Marmara’da kirliliğin nereden kaynaklandığının belli olduğunu belirten Kesici, “Bu kirlilik devam ettikçe ne yaparsınız yapın sadece makyaj yapmış olursunuz. 170 sayfalık raporun ilk sayfası ‘Marmara Denizi kirli’, gerisi neler yapılabileceği, biyolojik mücadele yöntemleri, yıkıma uğramış denizin ekolojik çeşitliliğinin nasıl kazandırılacağı olmalıydı. Marmara Denizi’nde bugünler bizim için iyi günler. 5-10 sene sonrası felaket. Marmara Denizi ağır hasta. Ben bu reçeteyi çözüm olarak görmüyorum, iyi niyet olarak görüyorum. "-cak", "-ceklerle" Marmara çok daha kötüye gidiyor” diye konuştu.

‘ARTIK ÖNERİLERİ BIRAKIP UYGULAMAYA GEÇİLSİN’

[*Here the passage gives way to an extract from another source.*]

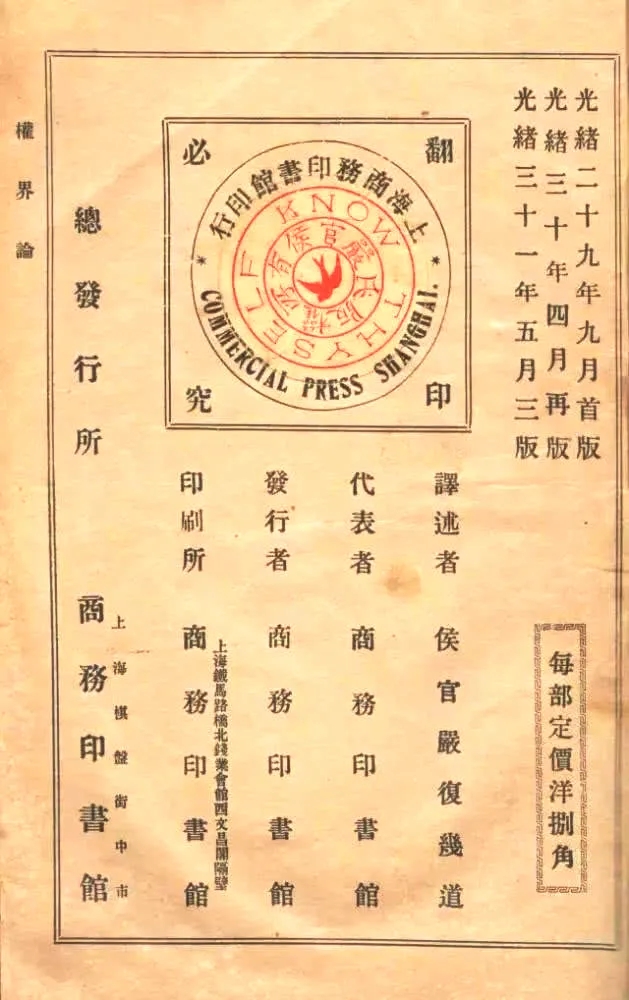 嚴(yán)復(fù)譯:《群己權(quán)界論》上的版權(quán)聲明

Sadece yüzeysel ve ilkel yöntemlerle temizlik yapıldığını söyleyen Kesici, hemen harekete geçilmesi gerektiğini defalarca söylediklerini aktardı: “Çok geç kalındı. Marmara Denizi’nin bir an önce temizlenmesi gerekiyor. İleri arıtma sistemine geçmeden bir sanayi, bir kentsel yerleşme dahi kabul etmememiz gerekiyor. Artık önerileri bırakıp uygulamaya geçilsin. Marmara’ya bir damla dahi atık su bırakmamamız, derin deşarjdan tamamen vazgeçmemiz gerekiyor. Marmara Denizi’nde siyonabakteri dediğimiz organizmalar ve deniz anaları var, balık yok. Biyolojik çeşitliliğin güçlendirilmesi konusu planda yer almıyor. Yapılacak işlerden bir tanesi, bakteri dengesinin sağlanması, balık popülasyonunun sağlanması olmalıdır.”

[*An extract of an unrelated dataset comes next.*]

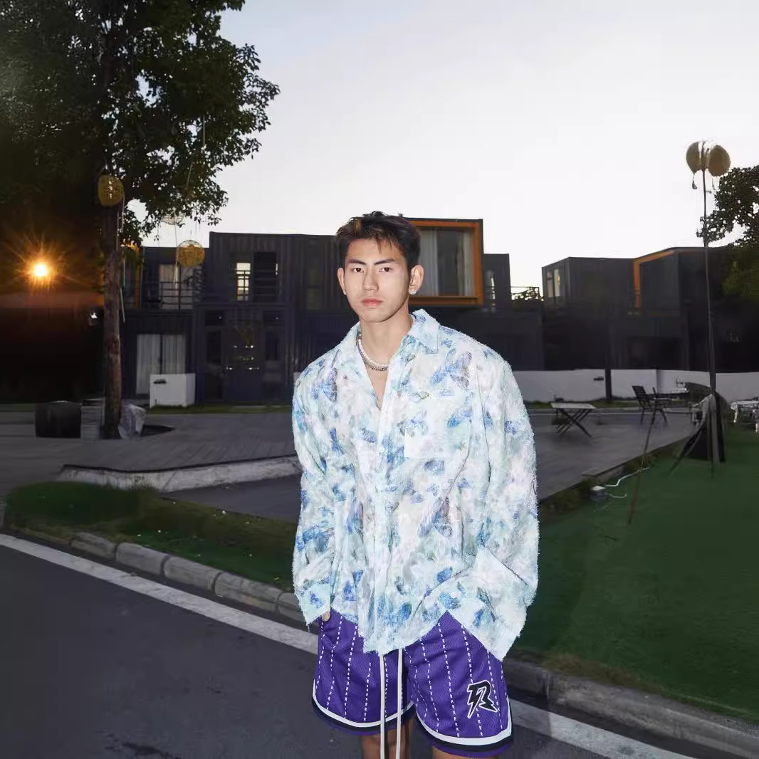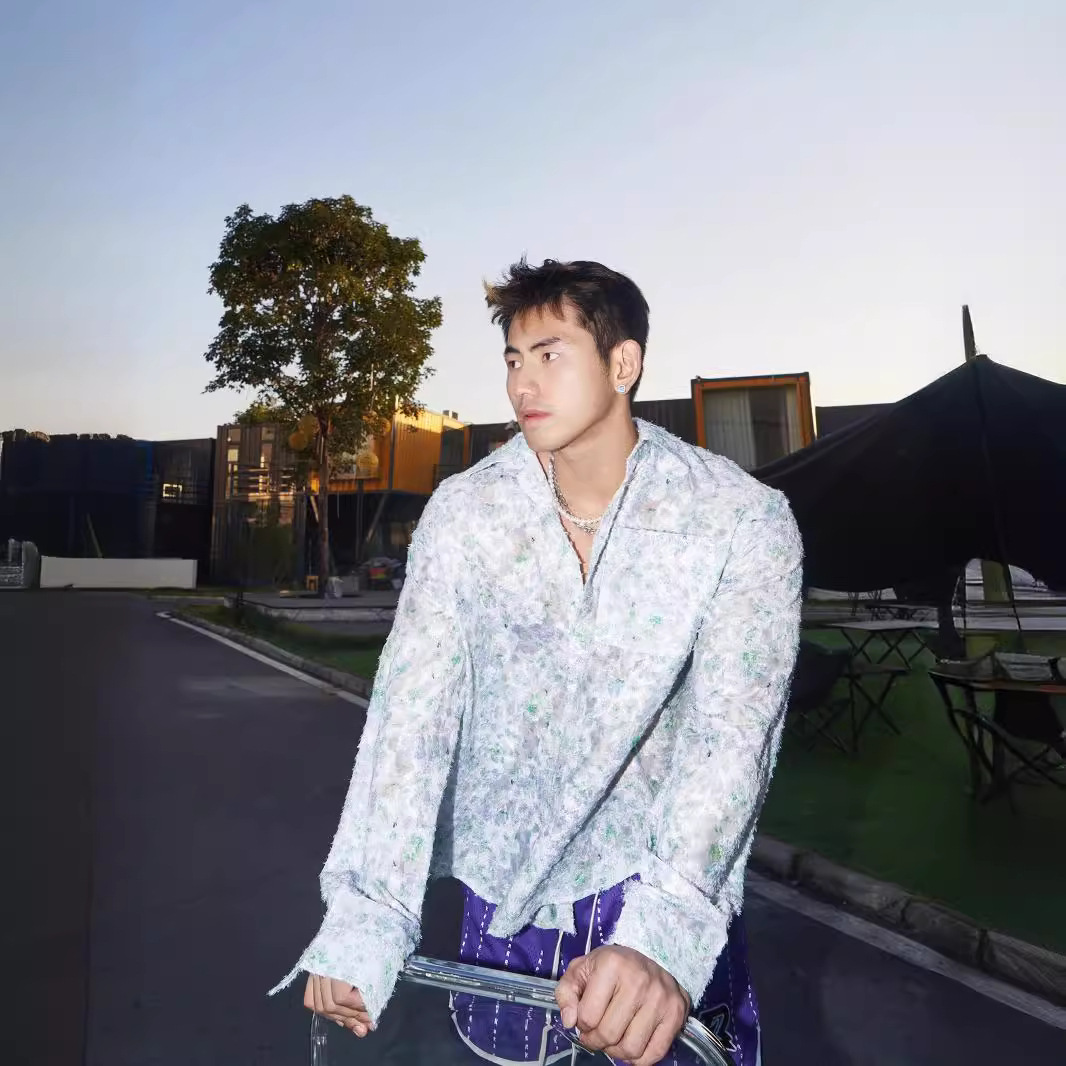 Spring And Summer American Three-dimensional Floral Shirt Niche Design Floral Long Sleeve Shirt

BURSA SU KOLEKTİFİ: PLAN, BUGÜNE KADARKİ BAŞIBOŞLUĞU ORTAYA KOYUYOR

Su kaynaklarının korunması üzerine çalışmalar yürüten Bursa Su Kolektifi ise planda en büyük eksikliği Ergene Havzası’ndan bahsedilmemesi olarak gördü. Müsilajın iklim değişikliğine bağlanmak istendiğini savunan kolektif, “Plan değil, öneriler bütünü. Yalnızca Marmara’nın orta ve doğu tarafındaki kirletici etkiler anlatılmış ama bunun nasıl düzeltileceği ortada yok. Plan, bugüne kadar olan başıboşluğu ortaya koyuyor. İstanbul’da ön arıtma denen kaba süzme ile kanalizasyon denize boşaltılıyor. Arıtmaların tümü ileri arıtmaya dönüştürülmeli. Yapılacaklar için bir takvim eylem planı da yok” eleştirisinde bulundu.

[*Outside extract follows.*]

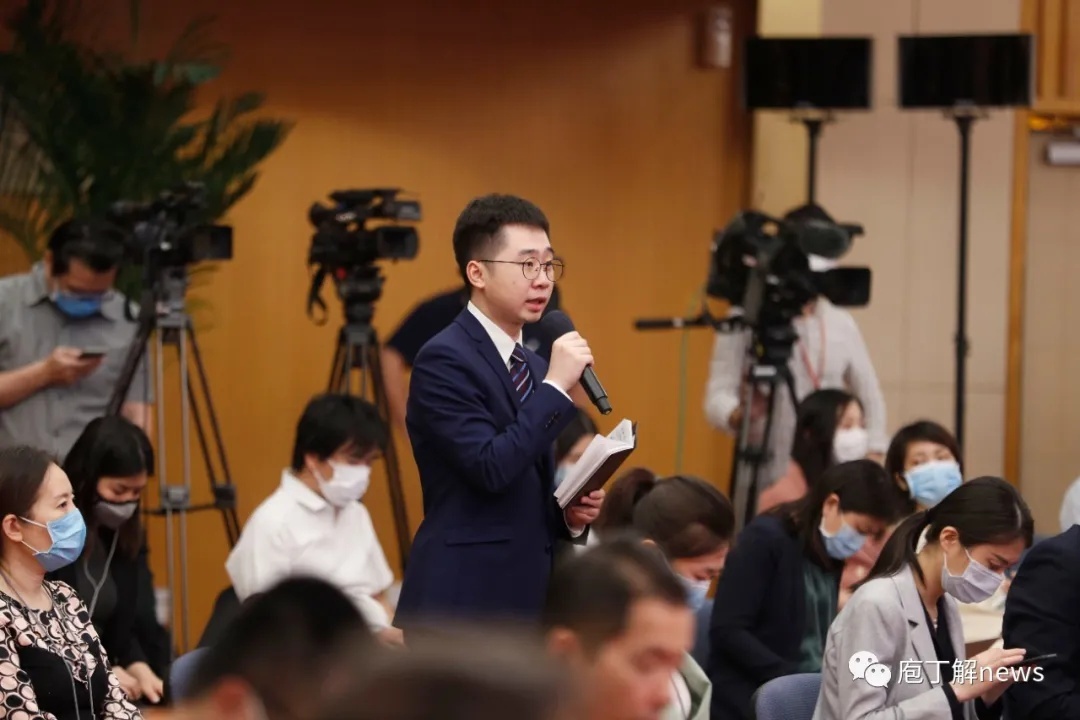 ▲2020年5月24日,十三届全国人大三次会议在北京人民大会堂新闻发布厅举行记者会,邀请中国国务委员兼外交部长王毅就中国外交政策和对外关系回答中外记者提问。图为中新社记者黄钰钦在梅地亚中心多功能厅提问。中新社记者 韩海丹 摄

Bursa’daki 125 atık su arıtma tesisinin yalnızca 13 tanesinde ileri arıtma yapıldığının raporda yazdığını belirten kolektif, “Yaşadığımız çevre felaketinin iktidar tarafından ciddiye alınmadığının en açık itirafıdır. Raporda, Marmara Denizi’nin suyunun sanayiinin ve enerji sektörünün soğutma suyu olarak kullanmasının sakıncalarından bahsedilirken Gemlik’te kimya firmasının deniz suyunu alarak soğutma amacıyla kullanılmasına onay veriliyor” ifadelerini kullandı.